Task directions:
Images are not wanted; transcribe the rest of the listing exactly.

Data:
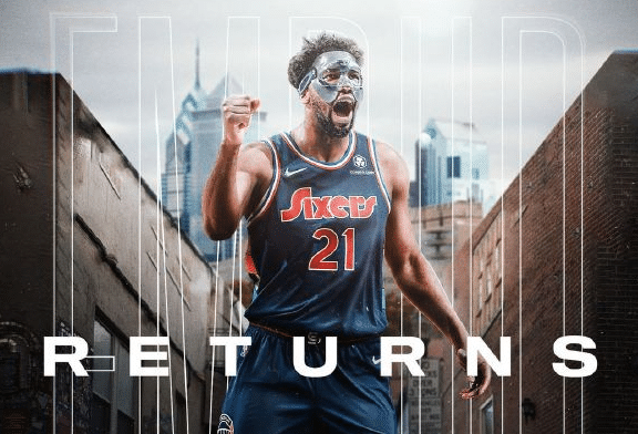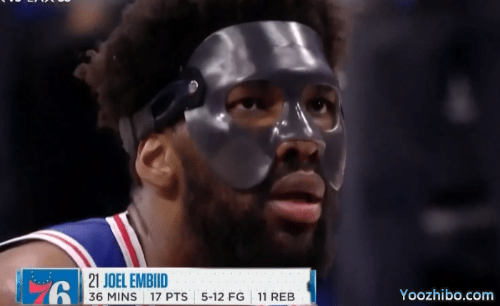 恩比德在休战两场之后戴上面具重返赛场,但仍然要顶着眼眶骨折和手指韧带撕裂的伤病。但全场比赛,恩比德展示了自己的能力,12中5轰下了18分11板。数据并没有特别爆炸,但他的存在,堪称球队的中流砥柱,全场也高呼MVP!
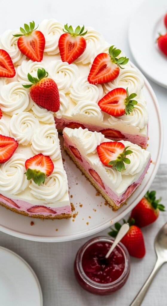 Crushed golden shortbread cookies mixed with melted butter create a crust that tastes like actual shortcake — buttery, crumbly, and sweet without being overpowering. Press into the pan base, freeze briefly, then spread softened strawberry ice cream on top. For a more dramatic interior, swirl a few spoonfuls of strawberry jam through the ice cream before freezing. Top with whipped cream piped in rosettes and fresh halved strawberries arranged decoratively. These ingredients are inexpensive in summer when strawberries are at their best. Make it the night before and unmold 10 minutes before serving for the cleanest slices.
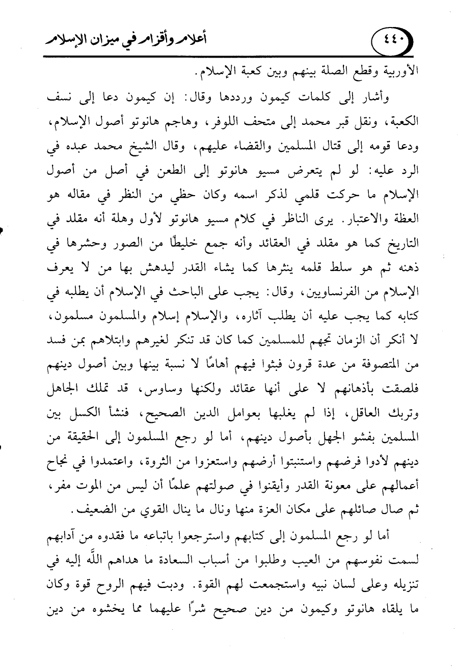 وأشار إلى كلمات كيمون ورددها وقال: إن كيمون دعا إلى نسف الكعبة، ونقل قبر محمد إلى متحف اللوفر، وهاجم هانوتو أصول الإسلام، ودعا قومه إلى قتال المسلمين والقضاء عليهم، وقال الشيخ محمد عبده في الرد عليه: لو لم يتعرض مسيو هانوتو إلى الطعن في أصل من أصول الإسلام ما حركت قلمي لذكر اسمه وكان حظي من النظر في مقاله هو العظة والاعتبار. يرى الناظر في كلام مسيو هانوتو لأول وهلة أنه مقلد في التاريخ كما هو مقلد في العقائد وأنه جمع خليطًا من الصور وحشرها في ذهنه ثم هو سلط قلمه ينثرها كما يشاء القدر ليدهش بها من لا يعرف الإسلام من الفرنساويين، وقال: يجب على الباحث في الإسلام أن يطلبه في كتابه كما يجب عليه أن يطلب آثاره، والإسلام إسلام والمسلمون مسلمون، لا أنكر أن الزمان تجهم للمسلمين كما كان قد تنكر لغيرهم وابتلاهم بمن فسد من المتصوفة من عدة قرون فبثوا فيهم أهامًا لا نسبة بينها وبين أصول دينهم فلصقت بأذهانهم لا على أنها عقائد ولكنها وساوس، قد تملك الجاهل وتربك العاقل، إذا لم يغلبها بعوامل الدين الصحيح، فنشأ الكسل بين المسلمين بفشو الجهل بأصول دينهم، أما لو رجع المسلمون إلى الحقيقة من دينهم لأدوا فرضهم واستنبتوا أرضهم واستعزوا من الثروة، واعتمدوا في نجاح أعمالهم على معونة القدر وأيقنوا في صولتهم علمًا أن ليس من الموت مفر، ثم صال صائلهم على مكان العزة منها ونال ما ينال القوي من الضعيف.
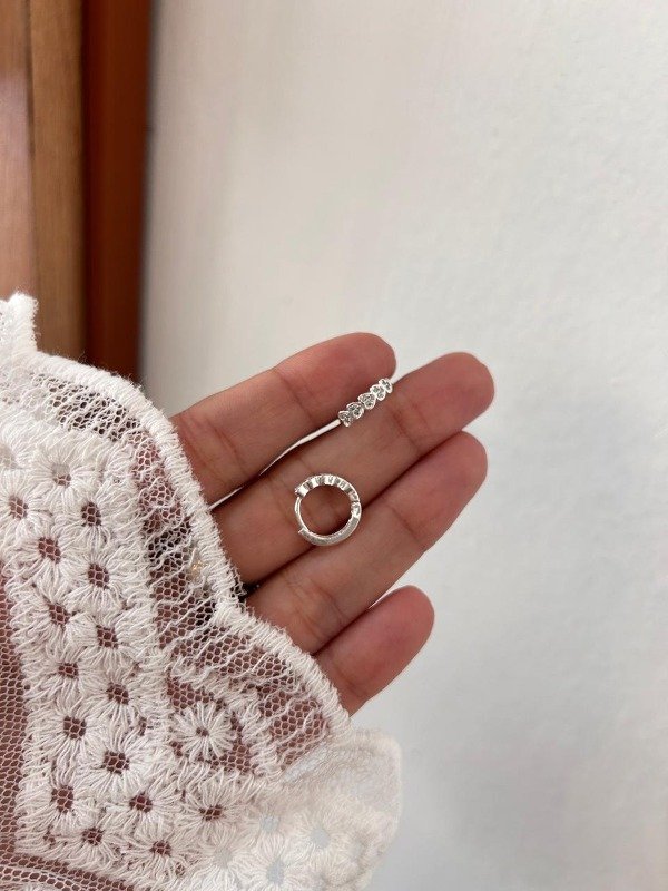 Argollita diseño mini corazón de 9 mm con mini strass laminada en plata , largo total 9 mm. Precio por Par. Cód.1000095

Problem solution:
 恩比德在休战两场之后戴上面具重返赛场,但仍然要顶着眼眶骨折和手指韧带撕裂的伤病。但全场比赛,恩比德展示了自己的能力,12中5轰下了18分11板。数据并没有特别爆炸,但他的存在,堪称球队的中流砥柱,全场也高呼MVP!
 Crushed golden shortbread cookies mixed with melted butter create a crust that tastes like actual shortcake — buttery, crumbly, and sweet without being overpowering. Press into the pan base, freeze briefly, then spread softened strawberry ice cream on top. For a more dramatic interior, swirl a few spoonfuls of strawberry jam through the ice cream before freezing. Top with whipped cream piped in rosettes and fresh halved strawberries arranged decoratively. These ingredients are inexpensive in summer when strawberries are at their best. Make it the night before and unmold 10 minutes before serving for the cleanest slices.
 وأشار إلى كلمات كيمون ورددها وقال: إن كيمون دعا إلى نسف الكعبة، ونقل قبر محمد إلى متحف اللوفر، وهاجم هانوتو أصول الإسلام، ودعا قومه إلى قتال المسلمين والقضاء عليهم، وقال الشيخ محمد عبده في الرد عليه: لو لم يتعرض مسيو هانوتو إلى الطعن في أصل من أصول الإسلام ما حركت قلمي لذكر اسمه وكان حظي من النظر في مقاله هو العظة والاعتبار. يرى الناظر في كلام مسيو هانوتو لأول وهلة أنه مقلد في التاريخ كما هو مقلد في العقائد وأنه جمع خليطًا من الصور وحشرها في ذهنه ثم هو سلط قلمه ينثرها كما يشاء القدر ليدهش بها من لا يعرف الإسلام من الفرنساويين، وقال: يجب على الباحث في الإسلام أن يطلبه في كتابه كما يجب عليه أن يطلب آثاره، والإسلام إسلام والمسلمون مسلمون، لا أنكر أن الزمان تجهم للمسلمين كما كان قد تنكر لغيرهم وابتلاهم بمن فسد من المتصوفة من عدة قرون فبثوا فيهم أهامًا لا نسبة بينها وبين أصول دينهم فلصقت بأذهانهم لا على أنها عقائد ولكنها وساوس، قد تملك الجاهل وتربك العاقل، إذا لم يغلبها بعوامل الدين الصحيح، فنشأ الكسل بين المسلمين بفشو الجهل بأصول دينهم، أما لو رجع المسلمون إلى الحقيقة من دينهم لأدوا فرضهم واستنبتوا أرضهم واستعزوا من الثروة، واعتمدوا في نجاح أعمالهم على معونة القدر وأيقنوا في صولتهم علمًا أن ليس من الموت مفر، ثم صال صائلهم على مكان العزة منها ونال ما ينال القوي من الضعيف.
 Argollita diseño mini corazón de 9 mm con mini strass laminada en plata , largo total 9 mm. Precio por Par. Cód.1000095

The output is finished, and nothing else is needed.